## Task to complete
In your copy, include no images, and write out every entry below exactly as it stands.

## Information supplied
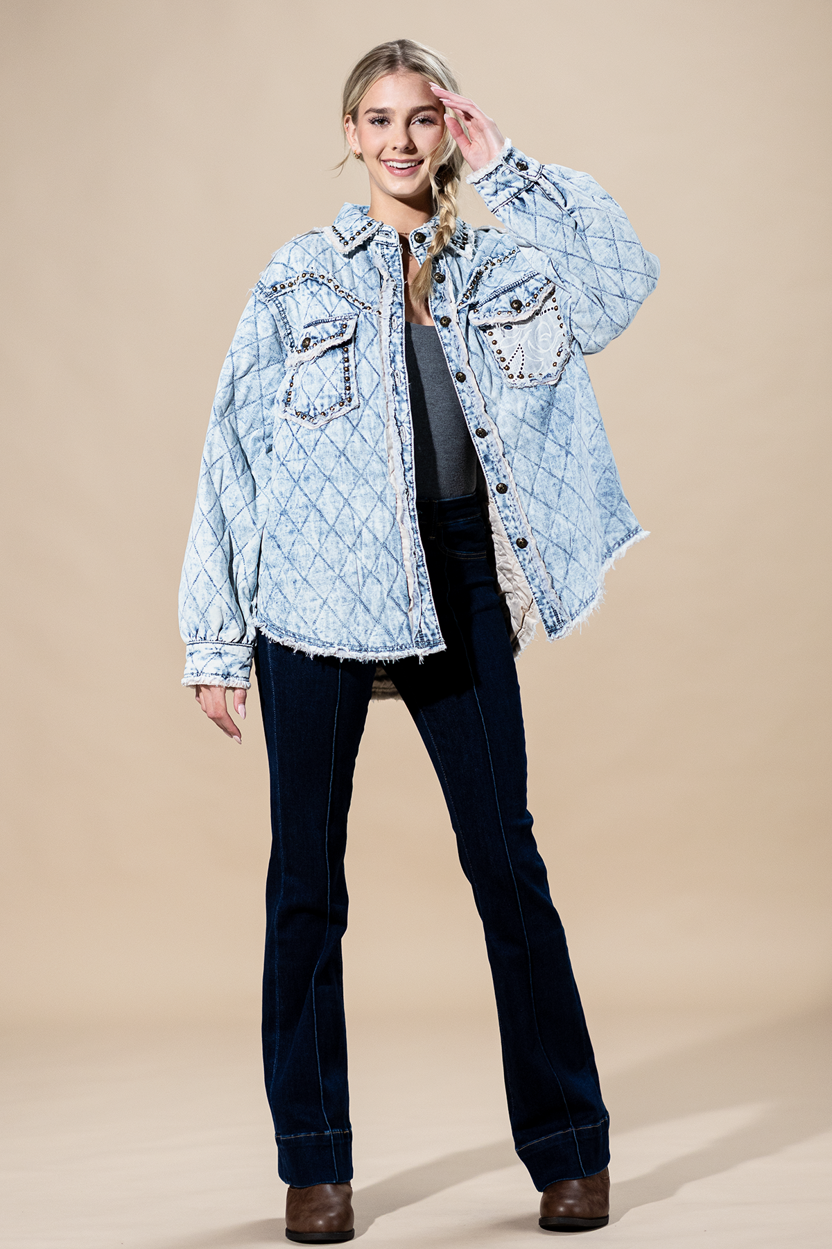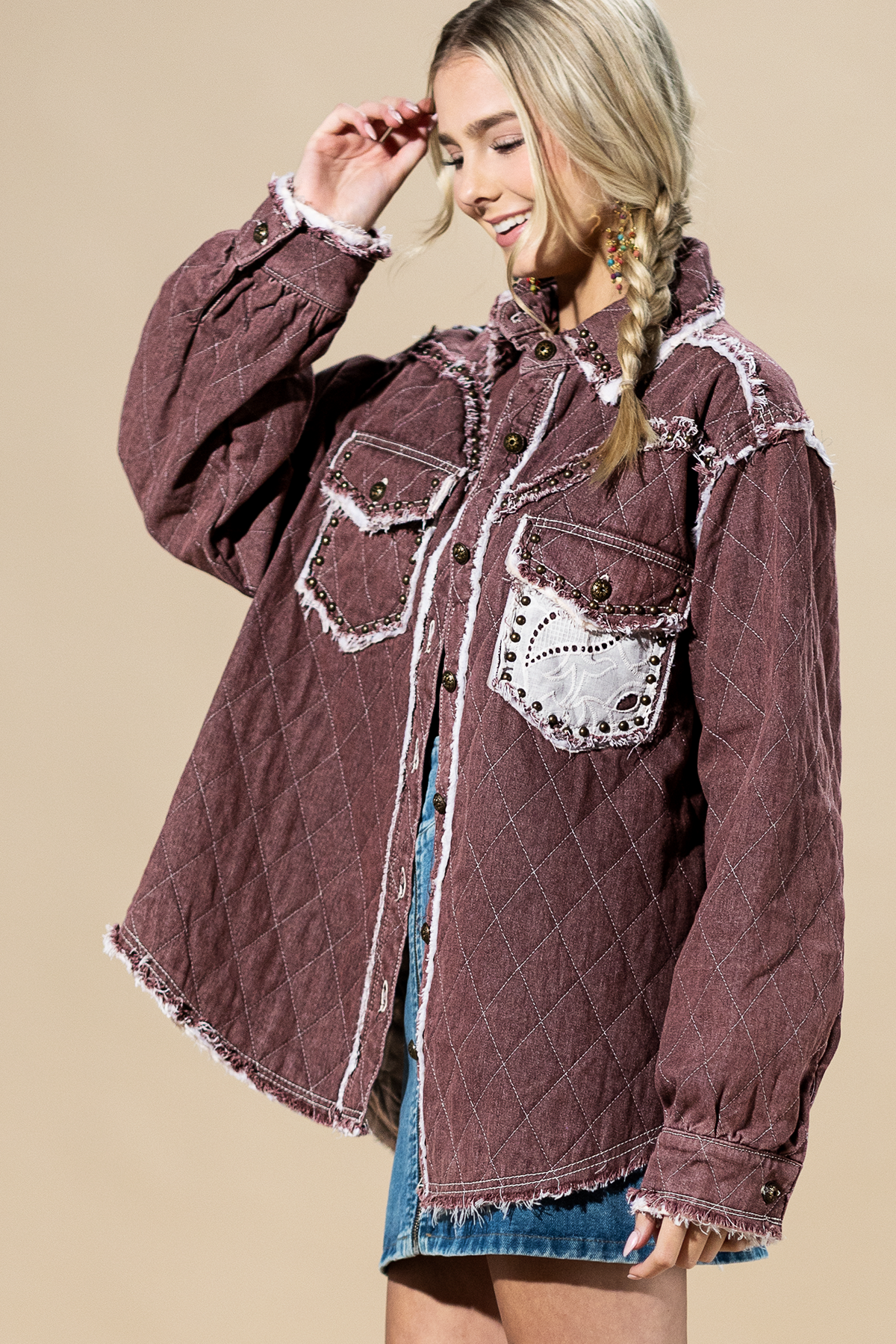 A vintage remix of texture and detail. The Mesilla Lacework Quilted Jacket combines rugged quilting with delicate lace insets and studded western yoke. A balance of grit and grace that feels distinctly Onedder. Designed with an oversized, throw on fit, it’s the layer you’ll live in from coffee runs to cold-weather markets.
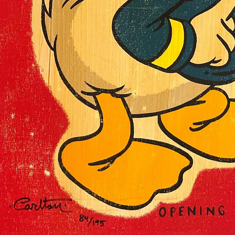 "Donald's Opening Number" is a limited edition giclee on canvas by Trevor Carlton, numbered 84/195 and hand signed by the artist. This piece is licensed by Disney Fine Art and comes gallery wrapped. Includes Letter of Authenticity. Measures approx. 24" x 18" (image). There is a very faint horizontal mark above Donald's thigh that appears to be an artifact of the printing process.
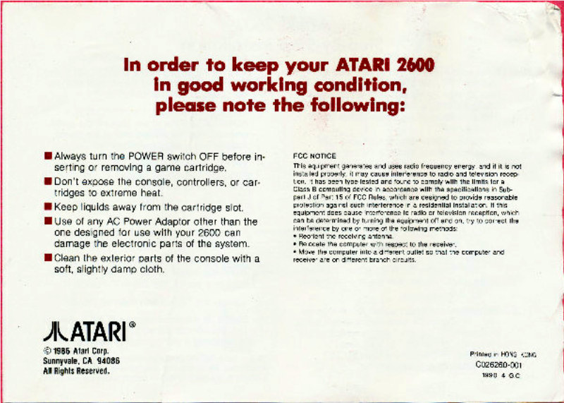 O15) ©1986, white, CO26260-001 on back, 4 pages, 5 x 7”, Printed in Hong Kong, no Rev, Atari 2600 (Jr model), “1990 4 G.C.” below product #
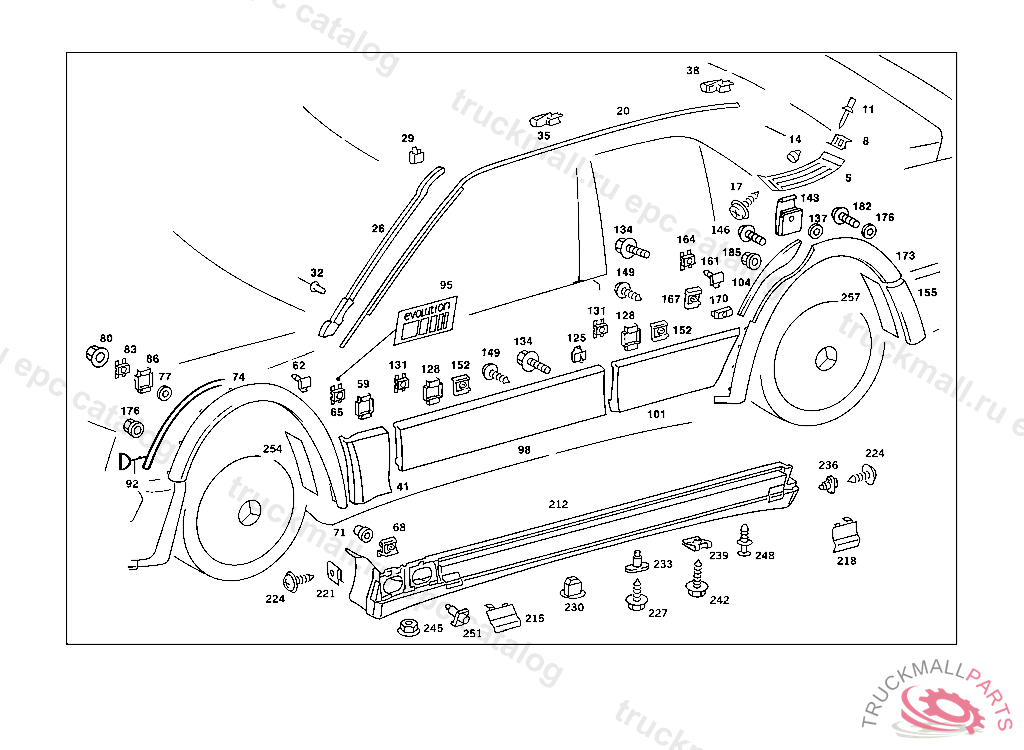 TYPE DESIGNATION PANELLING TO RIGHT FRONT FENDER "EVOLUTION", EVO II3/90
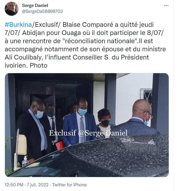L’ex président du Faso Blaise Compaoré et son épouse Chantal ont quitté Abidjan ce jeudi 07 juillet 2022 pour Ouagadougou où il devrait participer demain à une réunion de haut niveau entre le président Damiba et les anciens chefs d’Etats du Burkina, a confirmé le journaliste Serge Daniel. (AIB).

## Reply
 A vintage remix of texture and detail. The Mesilla Lacework Quilted Jacket combines rugged quilting with delicate lace insets and studded western yoke. A balance of grit and grace that feels distinctly Onedder. Designed with an oversized, throw on fit, it’s the layer you’ll live in from coffee runs to cold-weather markets.
 "Donald's Opening Number" is a limited edition giclee on canvas by Trevor Carlton, numbered 84/195 and hand signed by the artist. This piece is licensed by Disney Fine Art and comes gallery wrapped. Includes Letter of Authenticity. Measures approx. 24" x 18" (image). There is a very faint horizontal mark above Donald's thigh that appears to be an artifact of the printing process.
 O15) ©1986, white, CO26260-001 on back, 4 pages, 5 x 7”, Printed in Hong Kong, no Rev, Atari 2600 (Jr model), “1990 4 G.C.” below product #
 TYPE DESIGNATION PANELLING TO RIGHT FRONT FENDER "EVOLUTION", EVO II3/90
L’ex président du Faso Blaise Compaoré et son épouse Chantal ont quitté Abidjan ce jeudi 07 juillet 2022 pour Ouagadougou où il devrait participer demain à une réunion de haut niveau entre le président Damiba et les anciens chefs d’Etats du Burkina, a confirmé le journaliste Serge Daniel. (AIB).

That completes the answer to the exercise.